Fig. 4.. The HNH active site conformation in state II.

(a) Left: Close-up view of the active site of the HNH domain in state II (pink) with the corresponding cryo-EM map (blue mesh) superposed. A putative metal ion position is marked with green asterisk. Right: Schematic representation of the state II HNH active site. Putative Mg²⁺ ion, water molecules and their interactions are colored grey. Observed H-bonds are blue dashed lines, while red dashed lines designate putative interactions between Cas9 side chains and unmodeled Mg²⁺. Distances between coordinating Cas9 residues and the proposed Mg²⁺ion location are shown in Å. (b) The active site of the homing endonuclease I, HmuI (PDB ID 1U3E) . (c) The active site of the HNH domain from A. naeslundii Cas9 (PDB ID 4OGE) . In (a, left), (b) and (c), catalytic residues and reaction products are shown as pink and blue sticks, respectively, and hydrogen bonds, both observed and putative, are shown as dashed lines. In panels b and c, purple, green and red spheres are Mn²⁺, Mg²⁺ and water molecules, respectively.

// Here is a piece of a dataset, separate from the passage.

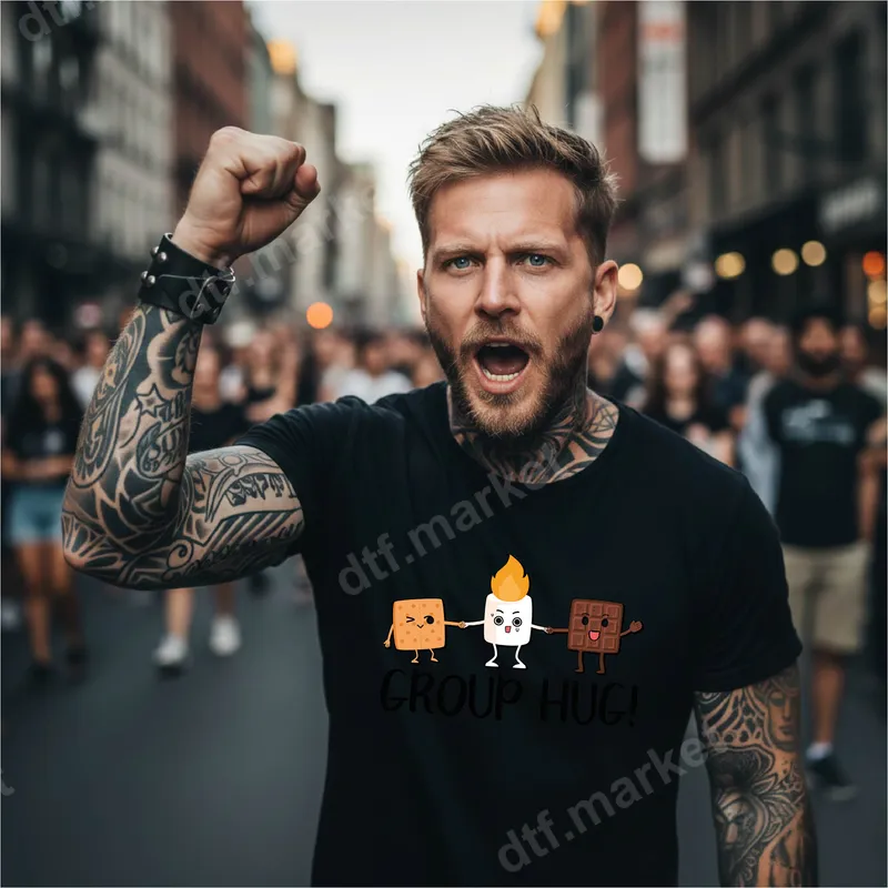 See allEmbrace the sweetness of friendship with our adorable S'mores Group Hug DTF transfer! This charming design features a cute graham cracker, a happy marshmallow with a tiny flame, and a smiling chocolate bar all holding hands, proudly displaying "GROUP HUG!". It perfectly captures the cozy, fun spirit of campfire gatherings and sweet treats. This high-quality DTF transfer is ready to press onto your favorite apparel or accessories. This cute heat transfer is ideal for anyone who loves camping, bonfires, or simply enjoys s'mores. It makes a fantastic gift for friends, family, or children, perfect for birthday celebrations, summer vacations, or a fun addition to everyday wardrobe. Craft unique matching family shirts for your next camping trip or personalize gifts for fellow foodies with this charming apparel transfer. Applying your S'mores Group Hug design is a breeze. Our ready to press transfers work beautifully on cotton, polyester, and various fabric blends. For best results, use a heat press at 300-325°F for 15 seconds with medium pressure, followed by a cold peel. You can even use a household iron for smaller applications, making this iron on transfer incredibly versatile. No tedious weeding or complicated steps required – just press and enjoy! Experience professional-grade quality with every print. Our direct to film transfers boast vibrant colors, exceptional detail, and a soft, flexible feel that won't crack or fade. Each shirt design is printed on premium DTF film with a strong, reliable adhesive, ensuring a durable finish. Elevate your custom creations with transfers that look and feel amazing on any garment.

Fig. 5.. Proposed mechanism for the concerted series of domain movements involved in Cas9-mediated DNA cleavage.

The binding of sgRNA to apo-Cas9 induces major domain rearrangements and formation of the binary complex. In the presence of dsDNA and Mg²⁺, the “checkpoint” conformation (State I) is formed. Target strand base-pairs with NTS and runs parallel to sgRNA, HNH adopts an inactive conformation, and the distal DNA duplex is short. Upon activation, HNH rotates and swings (arrows indicate possible routes) towards the cleavage site in TS. This is accompanied by REC2 disorder, ordering of REC3 loops that bind to the distal PAM, and interactions between RuvC and the longer distal DNA duplex. During catalysis, the HNH and RuvC active sites (scissors) cleave the TS and NTS, respectively. After cleavage, HNH remains bound to products, whereas the RuvC active site is near the cleaved NTS. This arrangement is captured in the “post-catalytic” complex (State II). In the “product” complex (State III), HNH dissociates from the cleaved TS and becomes disordered, REC2 is ordered and adopts its State I conformation, while interactions between REC3, RuvC and nucleic acids persist. Apo-Cas9 and Cas9-sgRNA are based on PDB ID 4CMP and 4ZT0 , respectively.